For loops and while loops#

Loops are another foundational concept in python programming. They are useful for repeating actions.

There are two types of loops: for and while.

Let’s say we want to compute the square of each integer between 1 and 8. We can use a for loop to make this much more efficient than computing each square individually:

for i in range(9):
    print(i**2)
0
1
4
9
16
25
36
49
64

the syntax for i in range(n): will execute the indented code print (i**2) a total of n times, with i = 0, 1, 2, ... n-1

An important note on python syntax#

Indents in python code matter, unlike in C, C++, or Java. Indents are actually a form of syntax in python.
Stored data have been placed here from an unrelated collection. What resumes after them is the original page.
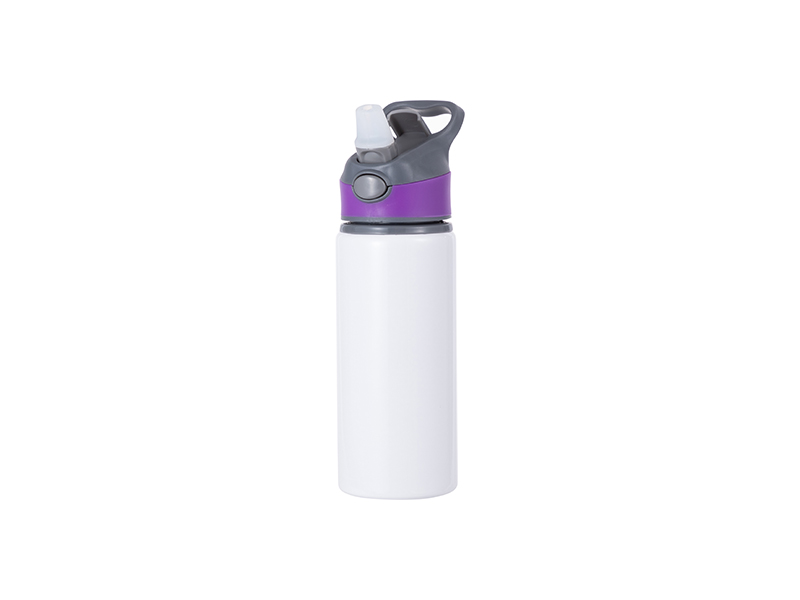 Botella Aluminio 20OZ/650ml Tapa Morada (Blanco)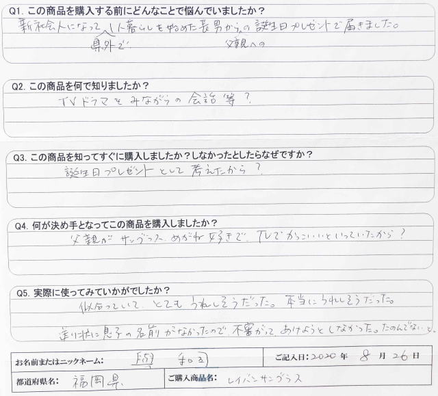 Q1. この商品を購入する前にどんなことで悩んでいましたか? 新社会人になって県外で1人暮らしを始めた長男から父親への誕生日プレゼントで届きました。 Q2. この商品を何で知りましたか? TVドラマをみながらの会話等? Q3. この商品を知ってすぐに購入しましたか?しなかったとしたらなぜですか? 誕生日プレゼントとして考えたから? Q4. 何が決め手となってこの商品を購入しましたか? 父親がサングラスめがね好きで、TVでかっこいいといっていたから? Q5. 実際に使ってみていかがでしたか? 似合っていて、とてもうれしそうだった。本当にうれしそうだった。 送り状に息子の名前がなかったので、不審がって、あけようとしなかった。たのんでないと。 |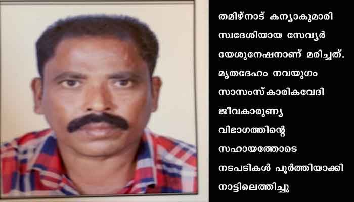 ദമ്മാം : മത്സ്യ ബന്ധനത്തിനിടയില് മസ്തിഷ്കാഘാതം ഉണ്ടായതിനെ തുടര്ന്ന് മത്സ്യ തൊഴിലാളി മരിച്ചു. തമിഴ്നാട് കന്യാകുമാരി സ്വദേശിയായ സേവ്യര് യേശുനേഷനാണ് മരിച്ചത് . മൃതദേഹം നവയുഗം സാംസ്കാരികവേദി ജീവകാരുണ്യ വിഭാഗത്തിന്റെ സഹായത്തോടെ നടപടികള് പൂര്ത്തിയാക്കി നാട്ടിലെത്തിച്ചു.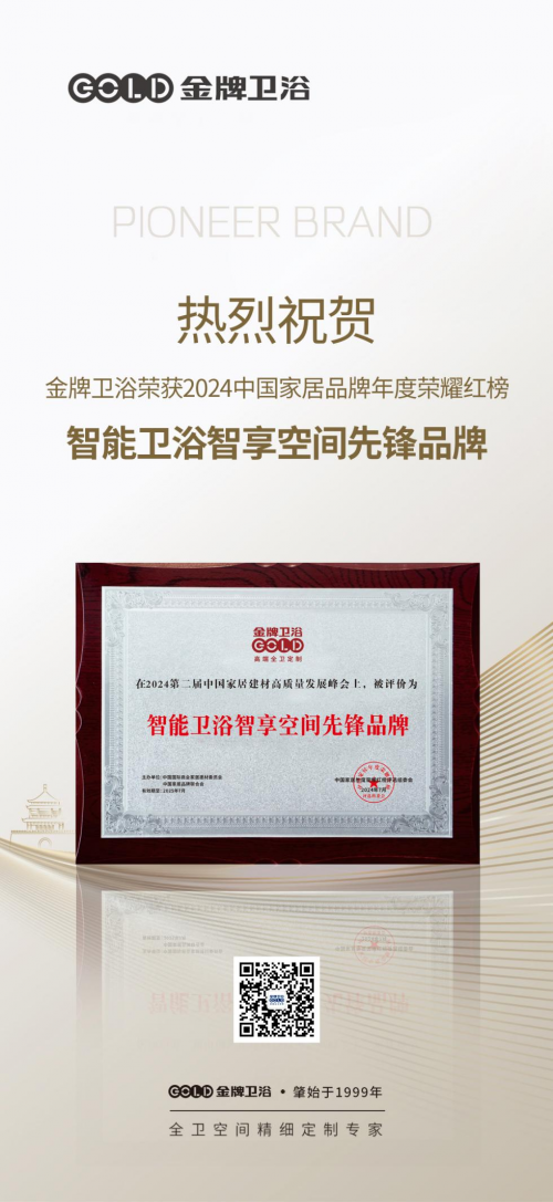 ?7月3日,第二屆中國家居建材高質(zhì)量發(fā)展峰會在佛山圓滿舉辦,金牌衛(wèi)浴作為民族衛(wèi)浴的知名品牌受邀出席本次峰會,并憑借品牌在高端定制與智能制造領(lǐng)域的強大影響力,榮登2024中國家居品牌年度榮耀紅榜,一舉斬獲“智能衛(wèi)浴智享空間先鋒品牌”。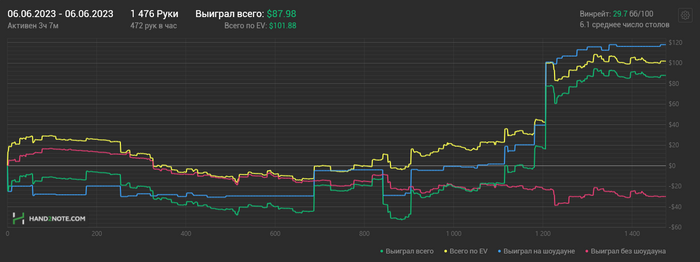 07.06.2023: 3.07ч, 1476 рук nl10/25 +$103.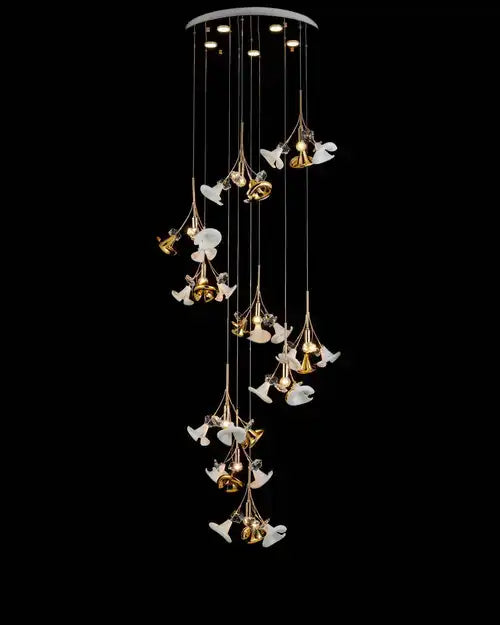 HDC Led 15 Lights Orchestrated Blooms Cascade Double Height Stair Chandelier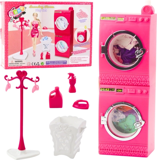 Roza pralnica za punčke – pralni stroj, sušilnik, stojalo z obešalniki in koš
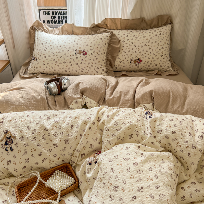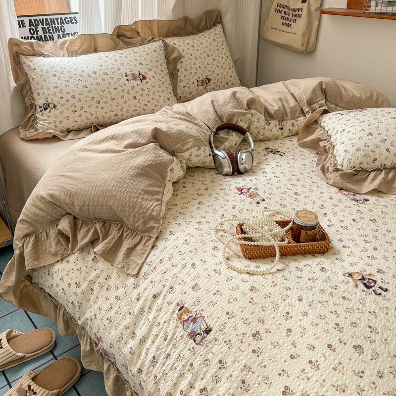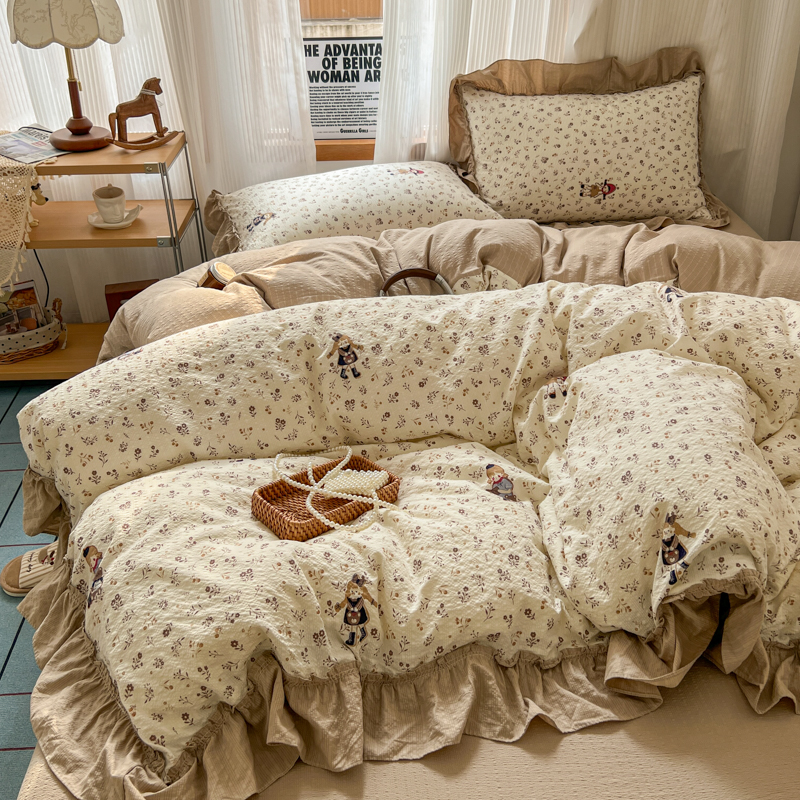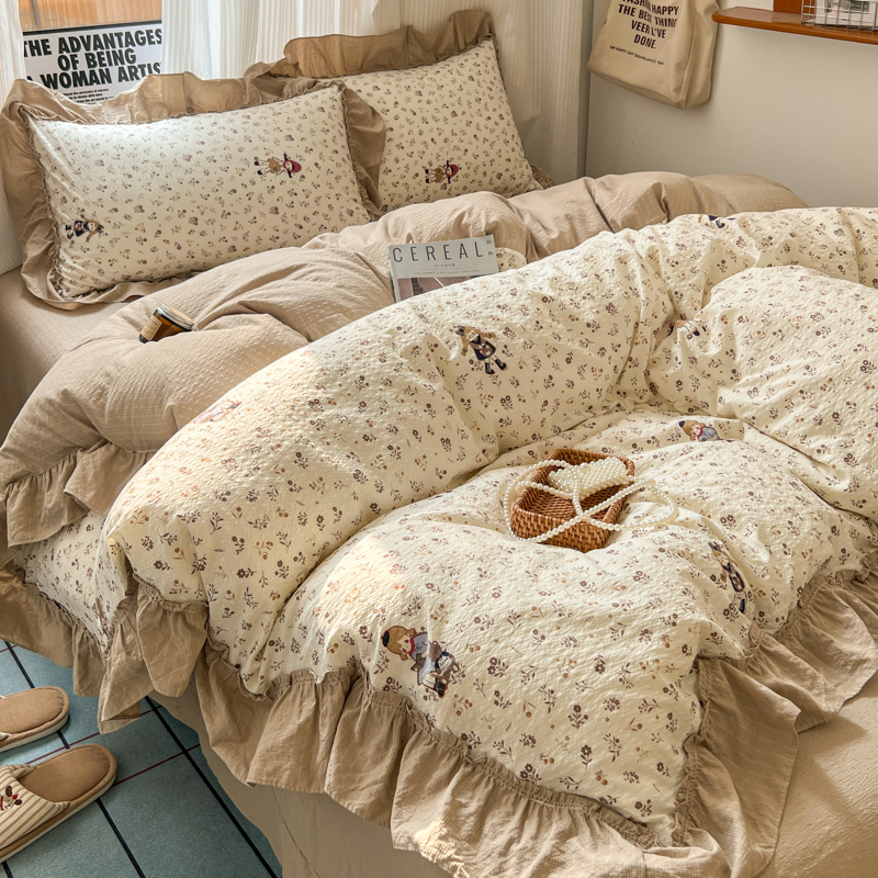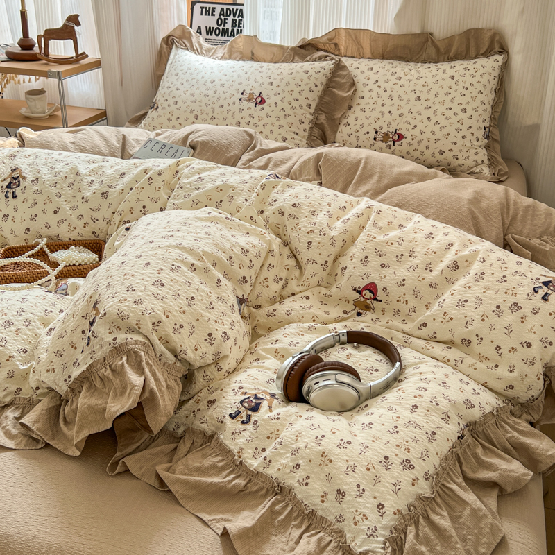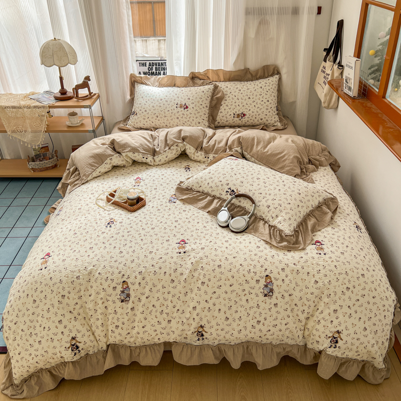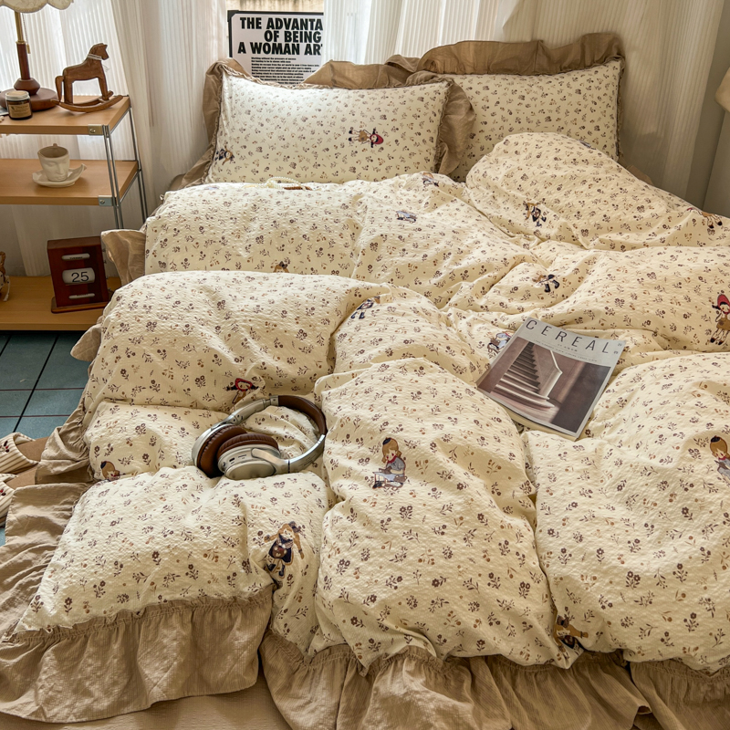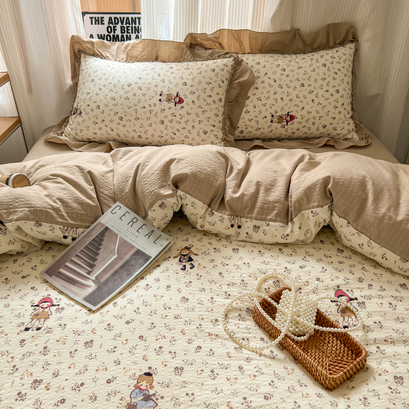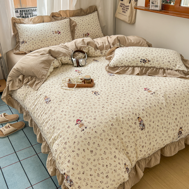 当前位置: 91家纺网 > 商品网购 > 床品套件 > 四件套 > 化纤活性四件套 > 2026新款泡芙纱花边四件套 小女孩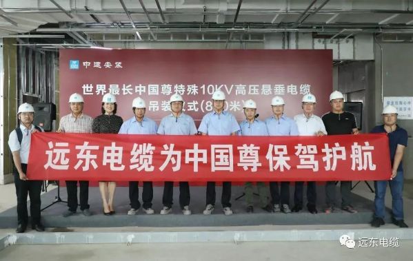 从2018年3月首批产品敷设,到8月份长达820米的世界最长特殊10KV高压垂悬电缆成功敷设,历经6个月的吊装作业,远东电缆一共为中国尊项目敷设了24根悬垂电缆,总长达15132米,总重达136.38吨,创造了多个世界首次、世界之最。这一成绩的取得离不开远东团队的努力和付出,从电缆进场开始就进行全程跟踪,以创新技术破解了超高层供电系统技术难题,保障了吊装电缆敷设工作安全、有序进行,实现了超高层垂直高压电缆敷设技术的新突破。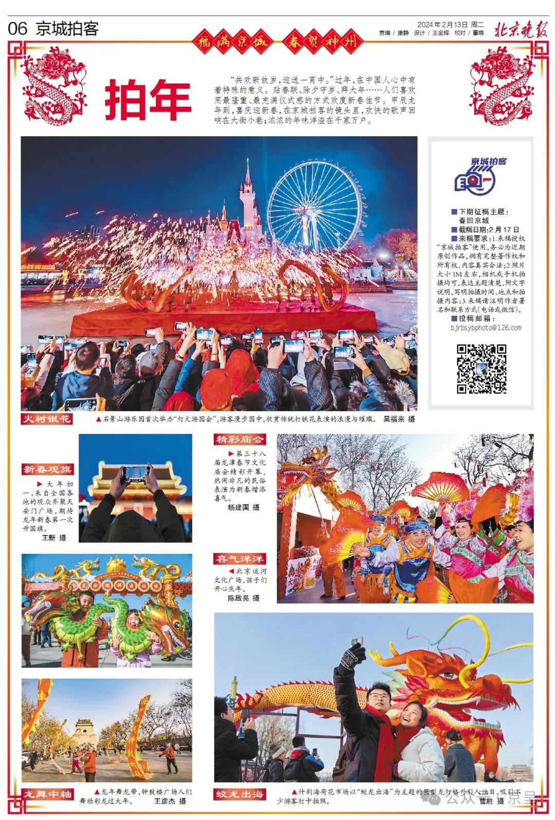 “共欢新故岁,迎送一宵中。”过年,在中国人心中有着特殊的意义。贴春联、除夕守岁、拜大年……人们喜欢用最隆重、最充满仪式感的方式欢度新春佳节。甲辰龙年到,喜庆迎新春,在京城拍客的镜头里,欢快的歌声回响在大街小巷;浓浓的年味洋溢在千家万户。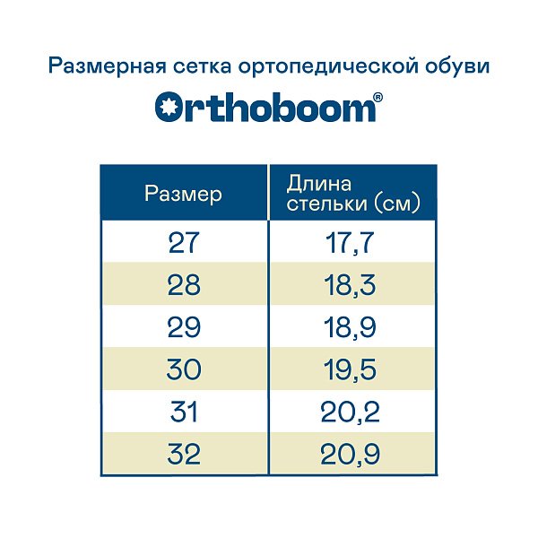 Фирменная съемная стелька Orthoboom. Разработана специально для детской обуви. Имеет наружнюю и внутреннюю выкладку продольного свода для правильного формирования стоп. Углубление под пятку предотвращает заваливание стоп.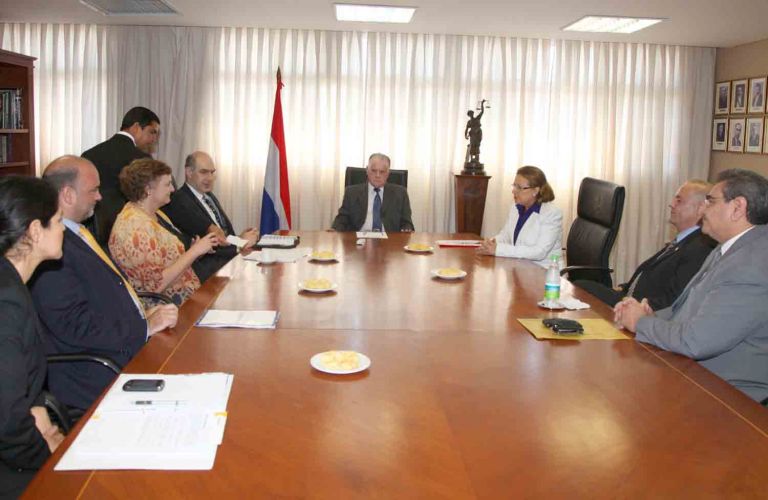 Posteriormente, fueron recibidos por el titular de la máxima instancia judicial, Víctor Núñez y los ministros Alicia Pucheta de Correa, Luis María Benítez Riera y Antonio Fretes, quienes dieron un resumen de los avances logrados en el Programa Umbral, Fase II.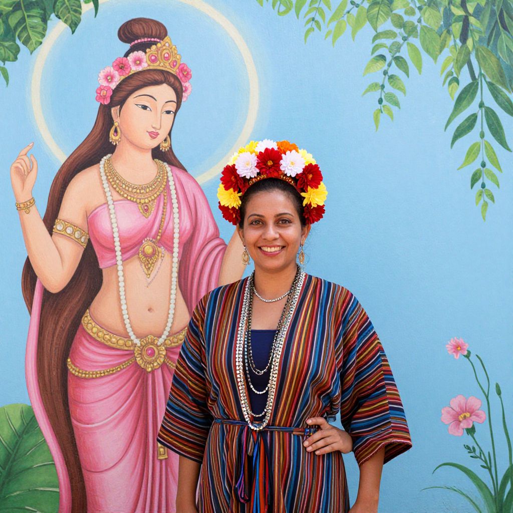 Woman wearing vibrant striped robes, layered necklaces, and a radiant floral headdress smiles brightly while posing in front of a mural depicting a serene pink-clad goddess with flowing hair and a floral crown, set against a tranquil blue backdrop with green foliage and blooming flowers.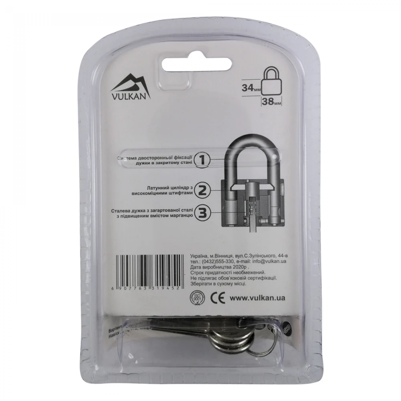 Навісний замок Vulkan BX0138 PVC має стандартний розмір 38 мм.

Python requires indenting loops and conditionals (we will get to these a bit later). Indenting can be achieved using either one TAB or four SPACEBAR keystrokes. There is a lively debate over which of these is preferred. Text editors now make it easy to switch between tabs an spaces - the important thing is to remain consistent.

The range() function#

Let’s say you want to make a list of numbers - the range() function is a handy and convenient way to do that. We can convert a range() object to a python list by using the list() constructor:

# Get a range 0,1,2,...,7
print(list(range(8)))
[0, 1, 2, 3, 4, 5, 6, 7]
# Get a range from 5 to 9
print(list(range(5, 10)))
[5, 6, 7, 8, 9]
# Get a range from 4 to 16 with a step of 4
print(list(range(4, 16, 4)))
[4, 8, 12]

For loops and Lists#

We can use a for loop to iterate over items in a list:

my_list = [1, 41.99, True, "this is a string", ["sub", "list", "of", "strings"]]
for item in my_list:
    print(item)
1
41.99
True
this is a string
['sub', 'list', 'of', 'strings']

The enumerate() function#

When iterating through a for loop, if we want to access the index of each item in the list, along with the item, we can use the enumerate() function:

my_list = [1, 41.99, True, "this is a string", ["sub", "list", "of", "strings"]]
for index, item in enumerate(my_list):
    print("index {}: {}".format(index, item))
index 0: 1
index 1: 41.99
index 2: True
index 3: this is a string
index 4: ['sub', 'list', 'of', 'strings']

While loops#

If we don’t know how many iterations are needed, we can use a while loop:

i = 2
while i < 100:  # loop body will only execute if conditional statement is True
    print(i**2, end=", ")
    i = i**2
4, 16, 256, 

This loop prints the values of \(i^2\) and updates the value of \(i\), while i is <100. Notice the loop stops since 256 > 100

The infinite loop#

Beware the infamous infinite loop! Consider the following example, where the condition will never become false:

NOTE to stop this, you will have to press CTRL + c in the interpreter, or the “STOP” button in jupyter lab / notebook

# Uncomment the below lines to run, but beware that this code will execute forever unless stopped.
# while True:
# print("infinite loop")

Nested loops#

We can put loops within loops - these are called ‘nested loops’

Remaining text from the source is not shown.